- **Task description**
From the first line of the material below through the line containing "안녕하십니까 구민이 행복한", print every line exactly as it stands, but no pictures.

---- Extracted information

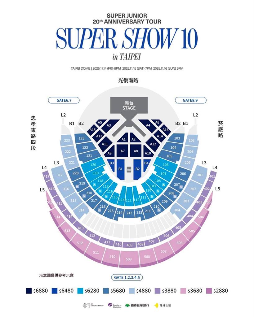 Super Junior大巨蛋演唱會座位圖。圖/翻攝自遠雄創藝 Farglory Creative臉書遠雄創藝指出「這是SUPER JUNIOR想再留給E.L.F.的位置,也是屬於每一個想親眼看見、親耳聽見的E.L.F.的席位」,不過他們也提醒加開的位置是視線遮蔽區,「請於購買前審慎考慮該區視線狀況,確定可接受再行購票。現場不接受以『無法觀賞主舞台LED及兩側螢幕』或『因硬體設備及欄杆』的視線遮蔽以及聲量過大為由申請退票或換位,感謝您的體諒。」
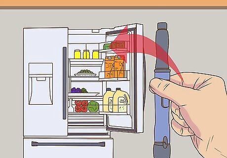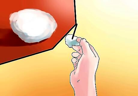 Place your materials on a flat surface. Remove the Humira syringe from your refrigerator. Place the syringe, an alcohol swab, and a cotton ball on a flat surface, like a table or tray. Check your medication's expiration date to see if it has expired. Grab your sharps container as well. If the medication has expired, do not use it. Contact your pharmacy for a replacement. If a nurse is coming to give the injection, remove the syringe from the refrigerator 30 minutes before the injection is scheduled. You could use a plastic milk jug for a sharps container, if necessary.
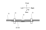 円弧状の第二ビード部32は、図7に示すように、取付面部15において、左右一対の支持孔17の下側に形成される。円弧状の第二ビード部32は、取付面部15において、左右一対の支持孔17と自動車1の上下方向において並ぶように形成される。
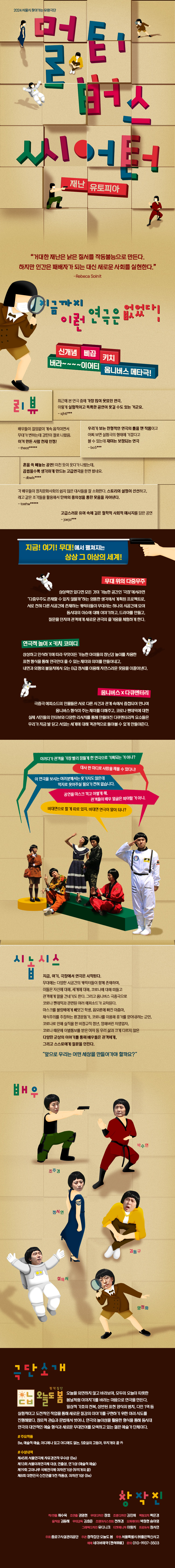 안녕하십니까 구민이 행복한 문화체육플랫폼 1등공단 종로구시설관리공단입니다. 종로구시설관리공단에서는 구민의 문화향유기회 확대를 위해 서울시 주관 '찾아가는 유랑극단'사업의 운영자로 2년 연속 선정되었습니다. 서울시 선정 우수 공연을 주민들에게 무료로 제공하니 관심있는 주민들께서는 많은 참여 바랍니다. *광화문아트홀은 주차가 지원되지 않습니다. 대중교통을 이용하여 주시기 바랍니다. 이번에 소개할 공연은 멀티버스씨어터 재난 유토피아(창작극단 오늘도 봄)입니다.
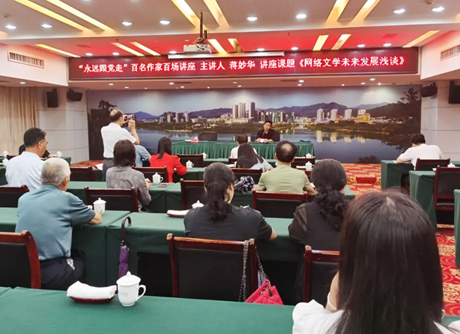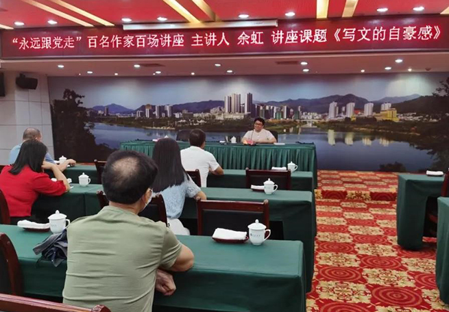 6月24日,由福建省文聯(lián)、福建省作協(xié)、福建省文評協(xié)、福建省文聯(lián)文藝志愿團文學分團、福建省文聯(lián)文藝志愿團文評協(xié)分團、三明市文聯(lián)主辦,福建省作協(xié)網(wǎng)絡(luò)文學專委會承辦,三明市作協(xié)、三明市文藝院、將樂縣文聯(lián)、將樂縣作協(xié)協(xié)辦的“永遠跟黨走·百名作家百場講座”活動在將樂縣舉行。此次活動邀請了中國作家協(xié)會會員、將樂籍網(wǎng)絡(luò)作家余虹,福建省作協(xié)會員、網(wǎng)絡(luò)作家蔣妙華前來授課,將樂縣作協(xié)主席肖勝龍主持講座。來自將樂縣的文學愛好者聆聽了講座。
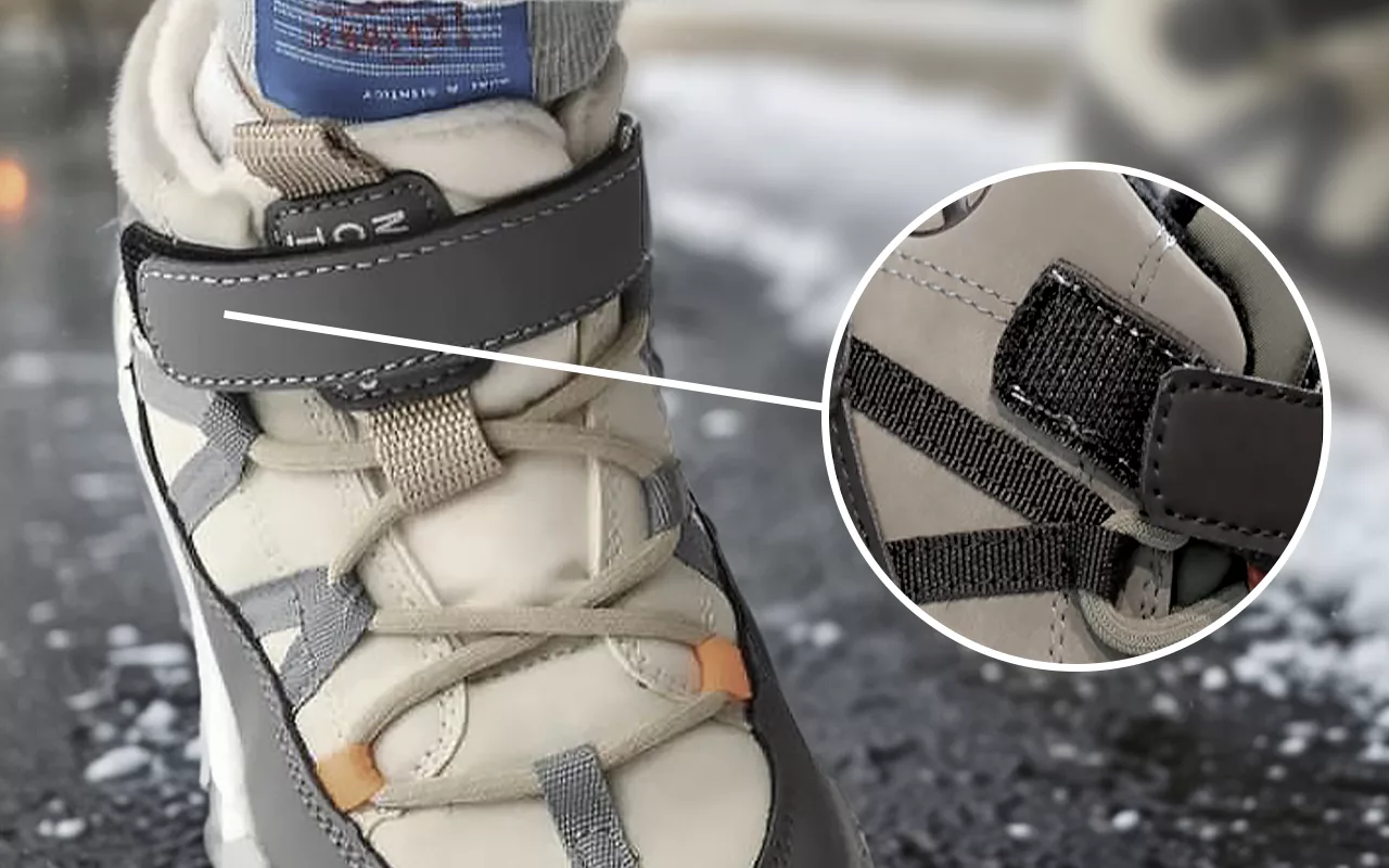 Tiras com fecho de contato tornam o calçar rápido. As crianças colocam os próprios sapatos sozinhas todas as manhãs.

--------

- **Written response**
 Super Junior大巨蛋演唱會座位圖。圖/翻攝自遠雄創藝 Farglory Creative臉書遠雄創藝指出「這是SUPER JUNIOR想再留給E.L.F.的位置,也是屬於每一個想親眼看見、親耳聽見的E.L.F.的席位」,不過他們也提醒加開的位置是視線遮蔽區,「請於購買前審慎考慮該區視線狀況,確定可接受再行購票。現場不接受以『無法觀賞主舞台LED及兩側螢幕』或『因硬體設備及欄杆』的視線遮蔽以及聲量過大為由申請退票或換位,感謝您的體諒。」
 Place your materials on a flat surface. Remove the Humira syringe from your refrigerator. Place the syringe, an alcohol swab, and a cotton ball on a flat surface, like a table or tray. Check your medication's expiration date to see if it has expired. Grab your sharps container as well. If the medication has expired, do not use it. Contact your pharmacy for a replacement. If a nurse is coming to give the injection, remove the syringe from the refrigerator 30 minutes before the injection is scheduled. You could use a plastic milk jug for a sharps container, if necessary.
 円弧状の第二ビード部32は、図7に示すように、取付面部15において、左右一対の支持孔17の下側に形成される。円弧状の第二ビード部32は、取付面部15において、左右一対の支持孔17と自動車1の上下方向において並ぶように形成される。
 안녕하십니까 구민이 행복한 문화체육플랫폼 1등공단 종로구시설관리공단입니다. 종로구시설관리공단에서는 구민의 문화향유기회 확대를 위해 서울시 주관 '찾아가는 유랑극단'사업의 운영자로 2년 연속 선정되었습니다. 서울시 선정 우수 공연을 주민들에게 무료로 제공하니 관심있는 주민들께서는 많은 참여 바랍니다. *광화문아트홀은 주차가 지원되지 않습니다. 대중교통을 이용하여 주시기 바랍니다. 이번에 소개할 공연은 멀티버스씨어터 재난 유토피아(창작극단 오늘도 봄)입니다.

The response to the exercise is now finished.